Based on our experience with AI model optimization, we’ve gathered the top five best practices that can help you more easily deploy your model on Jetson, while maximizing performance and minimizing costs.

#1: Optimize Your Model’s Runtime for Jetson 

Our first tip is to make sure you optimize your model’s runtime using quantization, pruning, or any other method that will maximize your deep learning neural network’s performance. You can also use the Deci Lab to optimize your model specifically for Jetson. Once that’s done, it’s time to go ahead and configure your Jetson device for optimal performance

  • If you want to use the Deci Lab to optimize your model, simply upload your model and let the Lab return a Jetson Xavier/Nano model ready for production.  The Deci Lab is a web platform that offers you a hub with pre-trained models and the option to optimize your own model for its target hardware–including quantization and graph compilers. You can also use the Lab to benchmark your model’s performance on different hardware and batch sizes .
  • To optimize the model’s runtime for Jetson, make sure you’re carrying this out for your specific JetPack version. Keep in mind that JetPack versions are coupled with TensorRT versions. This means your TensorRT checkpoints can only be loaded on the same TensorRT version and JetPack version on which they were compiled. You can find additional information in the NVIDIA developer’s forum for Jetson

#2: Find the Right Production Parameters for Your Inference Pipeline

Finding the right production parameters for inference, whether batch size, threads, or processes can also help make the most of your Jetson device.  

  • Batch size – Because Jetson has limited memory space, you’ll need a batch size that is smaller, but not so small that it adversely impacts latency. For example, if your application involves object detection, the ideal batch size should allow you to reach 30 FPS end-to-end. When working with a GPU, we strive to use a batch size higher than 1 but lower than 64; but, with the memory limitation and latency requirements for Jetson, it makes sense to keep the batch size lower than 64. Deci has automated solutions for this long and frustrating process.
  • We recommend keeping the batch size small, especially if the output is large.
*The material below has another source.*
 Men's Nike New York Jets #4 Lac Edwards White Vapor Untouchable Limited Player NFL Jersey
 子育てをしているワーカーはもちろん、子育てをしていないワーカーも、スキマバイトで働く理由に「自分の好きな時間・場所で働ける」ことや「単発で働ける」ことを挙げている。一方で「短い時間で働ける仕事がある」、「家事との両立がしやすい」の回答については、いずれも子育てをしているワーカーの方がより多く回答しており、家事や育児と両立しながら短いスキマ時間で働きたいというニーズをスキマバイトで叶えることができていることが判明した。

Sometimes it’s better to use 4 replications of batch size of 2 than work with a single replication in a batch size of 8. Another option is to use the Deci Lab to find out how your model performs with different batch sizes on Jetson devices.
  • Number of threads and processes – The optimal configuration or combination of these is usually achieved by trial and error. They have to live in harmony and work in concert so they don’t disrupt one another. Try to do what you can to automate this process since it’s crucial for optimal deployment on Jetson. Another option is to have Deci’s optimization find the sweet spot for the number of threads and processes on your model. 
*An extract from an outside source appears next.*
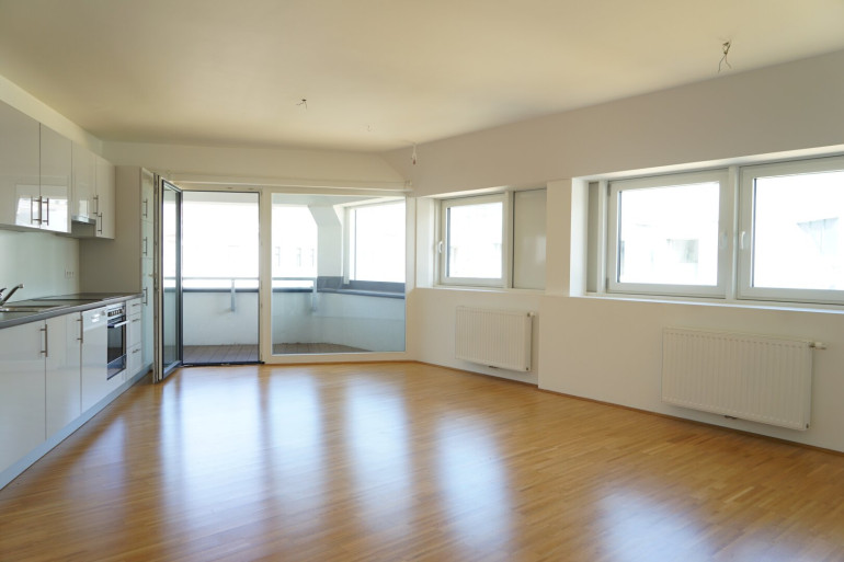 - Wohnraum mit komplett ausgestatteter Küche und Zugang zur Loggia

#3: Benchmark Your Application End-to-end Pipeline, not only for Inference Time

It’s easy to forget that inference is not the only thing that takes time. Jetson works differently from cloud machines. An application pipeline like the one used for edge devices is composed of operations such as pre/post-processing, data loading, data copies, aside from inference. These are all repetitive and take up time that is in addition to inference. When you do your benchmarking, remember to test your applications end-to-end, including inference time, data transfer to and from the CPU, along with pre-and post-processing.  

Measuring the following metrics will help ensure a genuine and accurate benchmark time for real-world application flows and let you know where any bottlenecks are hiding:

It’s also a good idea to use jtop to monitor the real-time status of your lifecycle efficiency during the application pipeline.

#4: Use Concurrent Code and Multiple Processes 

One way to ramp up your code optimization is by using concurrent code and allowing multiple processes to run at the same time. This lets the application carry out analytics on more images at once, instead of just one at a time. 

  • Don’t be constrained by a Python-like mindset that runs line-by-line, and use an asynchronous approach whenever possible. Python is an interpreted language and we often use it to implement inference, but we rarely use it to implement a multi-process solution that uses multiple CPU cores at the same time.
  • If you want better throughput, go for more parallelism. Your process can spawn multiple processes, in which each process loads the model to the GPU where each model runs inference independently. 
  • Don’t always go for higher batch size. One approach is to run multiple (smaller) concurrent batches by the same process, using threads. Dispatching multiple (smaller) inference requests at once might utilize the hardware better than using a single request with a higher batch size. Running multiple (smaller) concurrent batches can increase the overall throughput since it is using multiple threads and CPU cores, but the average latency for any given batch will increase.
  • Take the time to find the optimal pipeline for your application in terms of the number of processes—i.e., loading data, inference, post-processing—and client threads. If you use Python (and you most probably are) you can leverage the Python Multiprocessing module to enable parallel / asynchronous code execution.

#5: Use Containers to Develop and Test Your Applications on Jetson 

Because a reproducible environment can be hard to create, we found the best workaround is using containers when you develop and test your application on Jetson.  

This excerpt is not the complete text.